### INSTRUCTIONS TO FOLLOW
What must be written out is each line from the one holding "Botón de luz: presione" through the end of the records, word for word, minus any pictures.

(Extracted data entries)
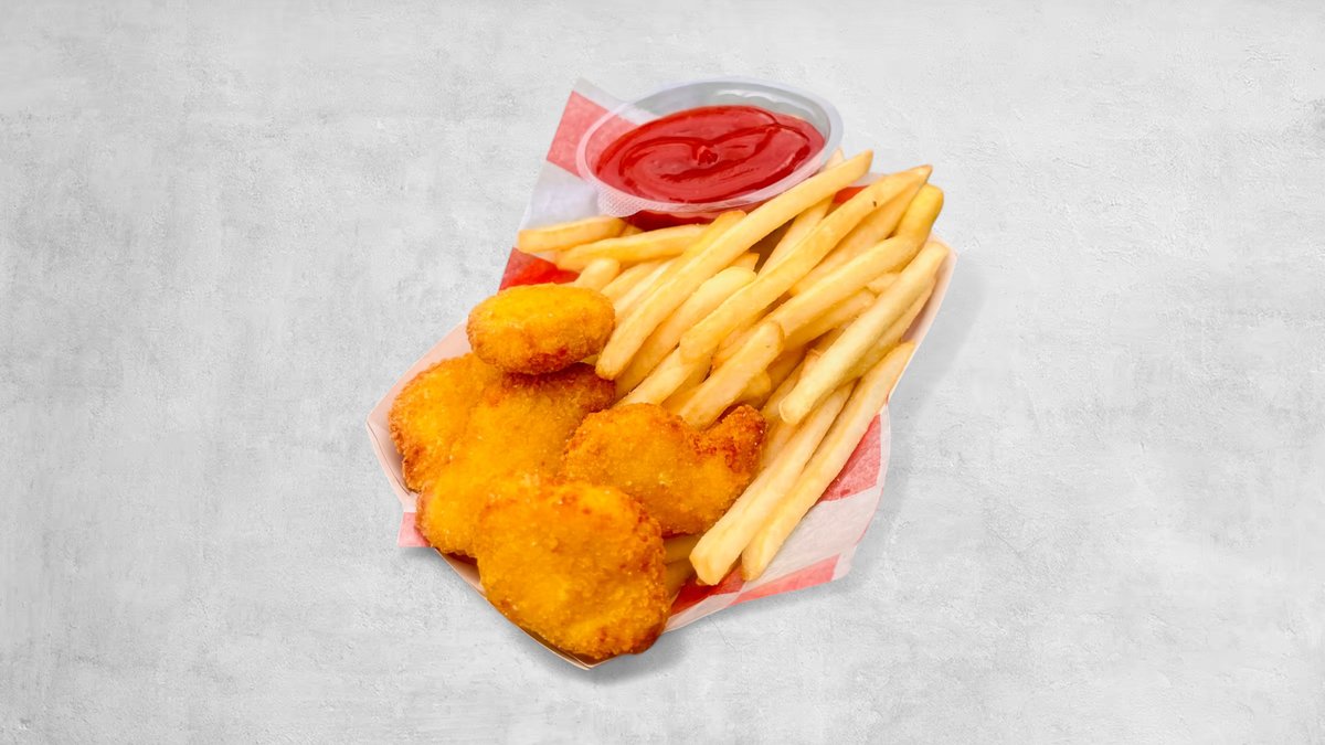 Chrupiące nuggetsy 5 szt., frytki 200g i sos ketchup
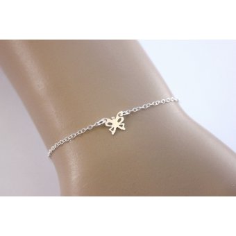 Bracelet de style minimaliste en argent massif avec petit papillon en argent. Longueur réglable. Plusieurs longueurs disponibles.
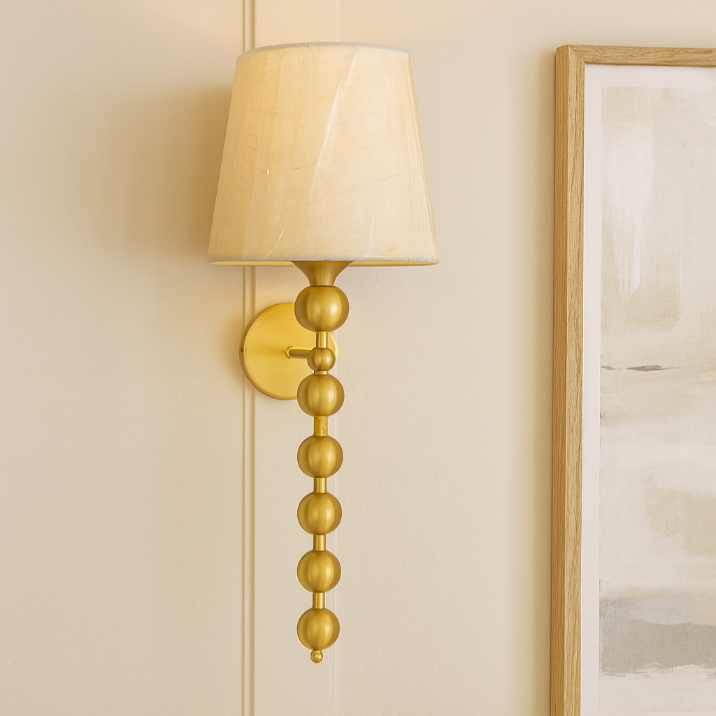 This elegant wall sconce blends timeless brass craftsmanship with modern sophistication. Its sleek stem, adorned with a series of graduated golden spheres, creates a balanced, sculptural look. The soft beige fabric lampshade diffuses light beautifully, adding a warm, inviting glow to any space. Perfect for bedrooms, living rooms, or hallways, it serves as both a functional light and a decorative accent.
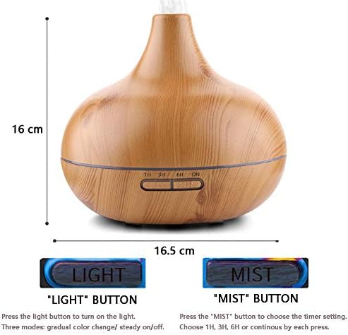 Botón de luz: presione una vez: active la luz que cambia de 7 colores. Presionar dos veces: el color claro permanece permanente. Presione tres veces: el color de la luz cambiará y recorrerá los 7 colores con cada presión del botón. Mantenga presionado el botón durante un segundo: apague la luz. Botón izquierdo: Niebla ON / OFF Timer: 1h / 3h / 6h / On Esta máquina tiene una función de apagado automático que se activa cuando hay un simiento de agua insuficiente.
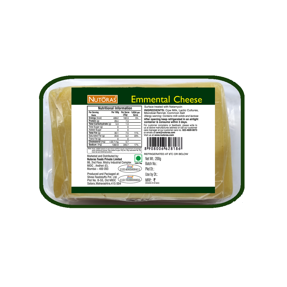 This cheese is free from artificial colors and preservatives and is suitable for vegetarians, making it a natural and healthy option. So whether you're looking to snack on a delicious and nutritious cheese or add some extra flavor to your favorite dishes, Nutoras Cheese Emmental Block is a premium and natural choice that is sure to satisfy your taste buds.
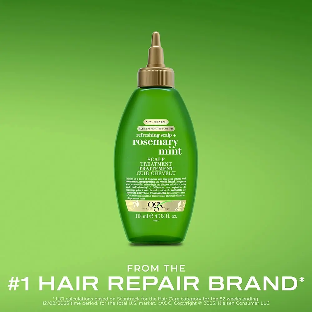 Extra Strength Rosemary Mint Scalp Treatment: Give your scalp an invigorating refresh & reset. This dry scalp treatment helps clear buildup from your oily hair & scalp to leave your hair looking shiny & soft. The leave-in treatment infused with rosemary oil & peppermint extract helps refresh & clarify your hair while leaving it smelling refreshingly clean, plus witch hazel, a gentle astringent known to help remove buildup without stripping your hair while nourishing the scalp.

### SOLUTION TO THIS TASK
 Botón de luz: presione una vez: active la luz que cambia de 7 colores. Presionar dos veces: el color claro permanece permanente. Presione tres veces: el color de la luz cambiará y recorrerá los 7 colores con cada presión del botón. Mantenga presionado el botón durante un segundo: apague la luz. Botón izquierdo: Niebla ON / OFF Timer: 1h / 3h / 6h / On Esta máquina tiene una función de apagado automático que se activa cuando hay un simiento de agua insuficiente.
 This cheese is free from artificial colors and preservatives and is suitable for vegetarians, making it a natural and healthy option. So whether you're looking to snack on a delicious and nutritious cheese or add some extra flavor to your favorite dishes, Nutoras Cheese Emmental Block is a premium and natural choice that is sure to satisfy your taste buds.
 Extra Strength Rosemary Mint Scalp Treatment: Give your scalp an invigorating refresh & reset. This dry scalp treatment helps clear buildup from your oily hair & scalp to leave your hair looking shiny & soft. The leave-in treatment infused with rosemary oil & peppermint extract helps refresh & clarify your hair while leaving it smelling refreshingly clean, plus witch hazel, a gentle astringent known to help remove buildup without stripping your hair while nourishing the scalp.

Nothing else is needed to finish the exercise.